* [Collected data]
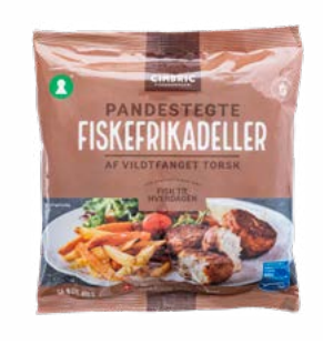
We also offer our products frozen in retail bags
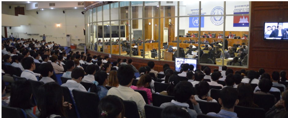
The public gallery of the court allows villagers, students, NGO workers and other s a chance to see the court in action as hearings continue in Case 002.

In April, the chamber continued examining the administrative and communications structures of the Communist Party of Kampuchea and some aspects of the roles of the accused.
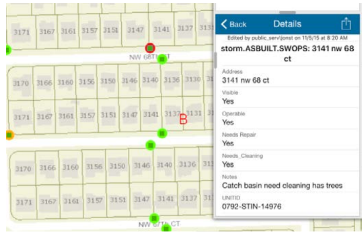
Fort Lauderdale's SWOPS application, which is used to carry out the NPDES stormwater activity mandated by the State Department of Environmental Protection, saves numerous labor hours.

The city of Fort Lauderdale hosts an annual event called Neighbor Support Night. This event allows city departments and officials to strengthen ties with their constituents and build public awareness of relevant issues. This
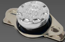
Temperature Sensor to stop
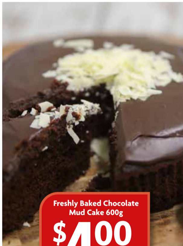
Freshly Baked Chocolate Mud Cake 600g
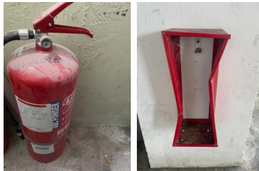
Fig. 3. Fire extinguisher problems

The fire extinguishers in Buildings A, B and C (Figure 3) are in poor condition and do not comply with the legislation, as shown in the diagram below. It was discovered that several fire extinguishers were missing, some were not functioning correctly and the expiration date had gone past the maximum. Tenants have also vandalized fire extinguishers and some of them have been buried under other items or left on the floor, making it harder to get to them in an emergency. According to UBBL 1984, Part VIII, Clause 225, every building must have a fire extinguisher that complies with the tenth schedule. This schedule states that residential buildings less than 120 meters high or between six and forty stories must have fire extinguishers that work properly and are in good condition. Lack of regular maintenance and inspection shows an attitude of indifference that can endanger the lives of building occupants.
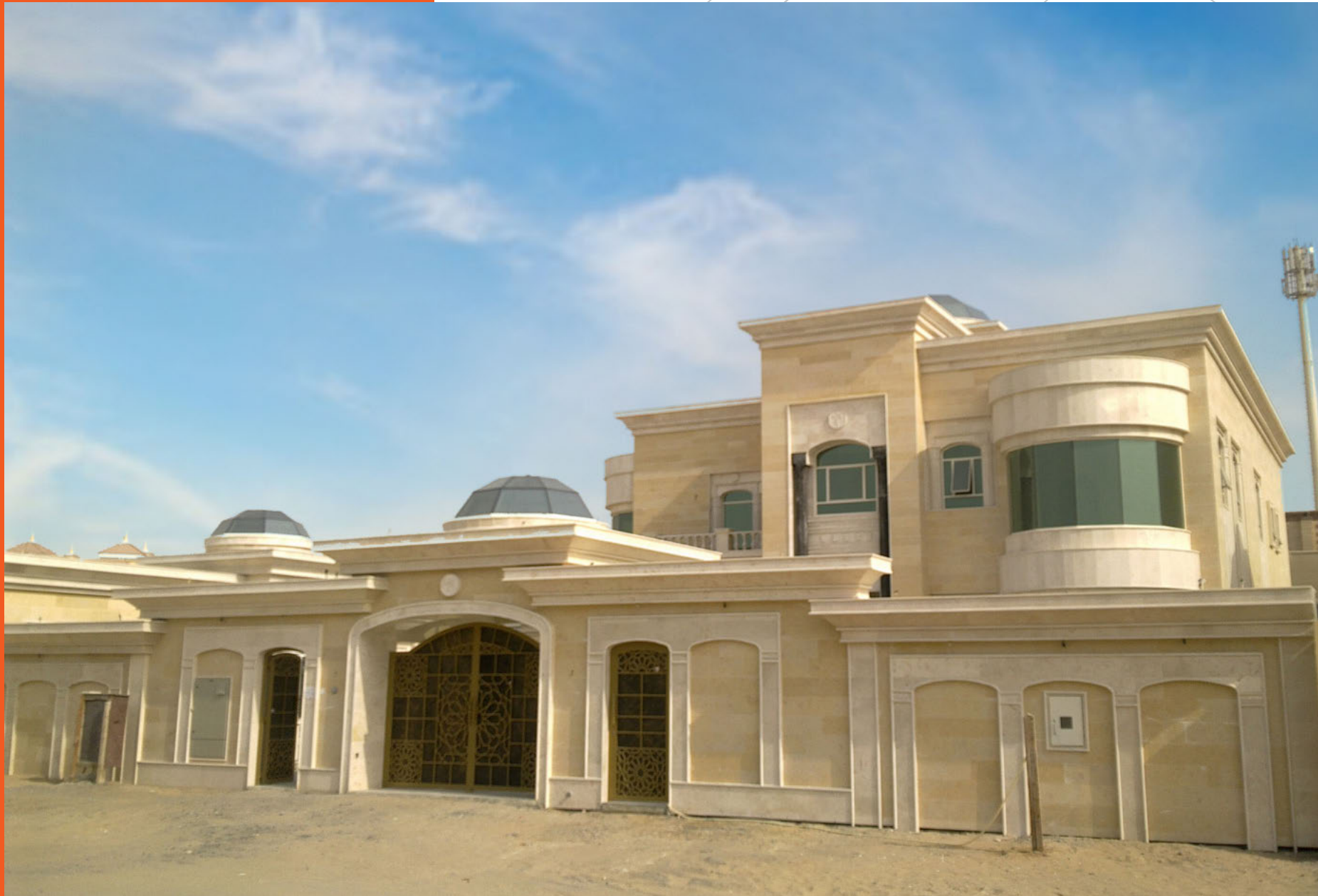
G+1 Villa on plot no. 281-2235 at Al Khwaneej 1st
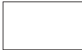
3955-White Eclipse White
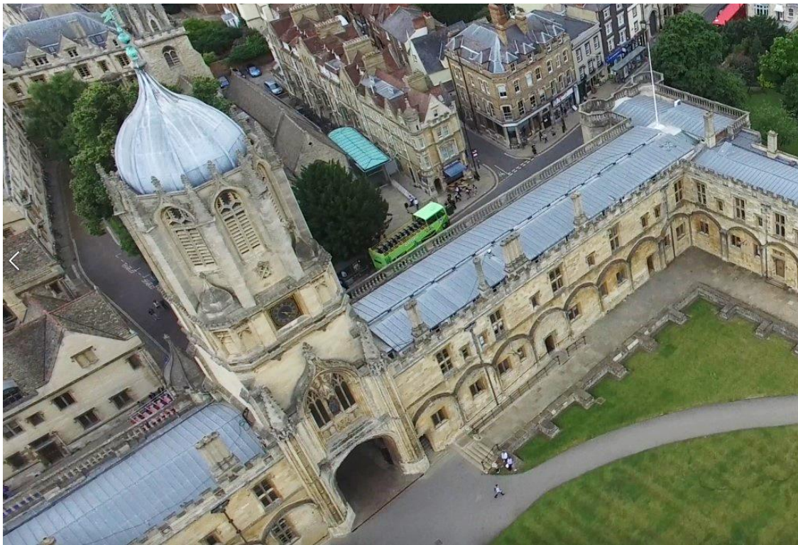
Aerial view of Tom Quad Staircase 5-7 roof, prior to re-roofing.
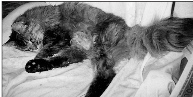
Dolly Werts gone Feb./08 just before her 20th birthday

* [Activity] Above are records with pictures. Reproduce exactly only the lines from the line with "In April, the" through the line with "Fort Lauderdale's SWOPS", both ends included, and leave the pictures out.

* [Answer space]
In April, the chamber continued examining the administrative and communications structures of the Communist Party of Kampuchea and some aspects of the roles of the accused.
Fort Lauderdale's SWOPS application, which is used to carry out the NPDES stormwater activity mandated by the State Department of Environmental Protection, saves numerous labor hours.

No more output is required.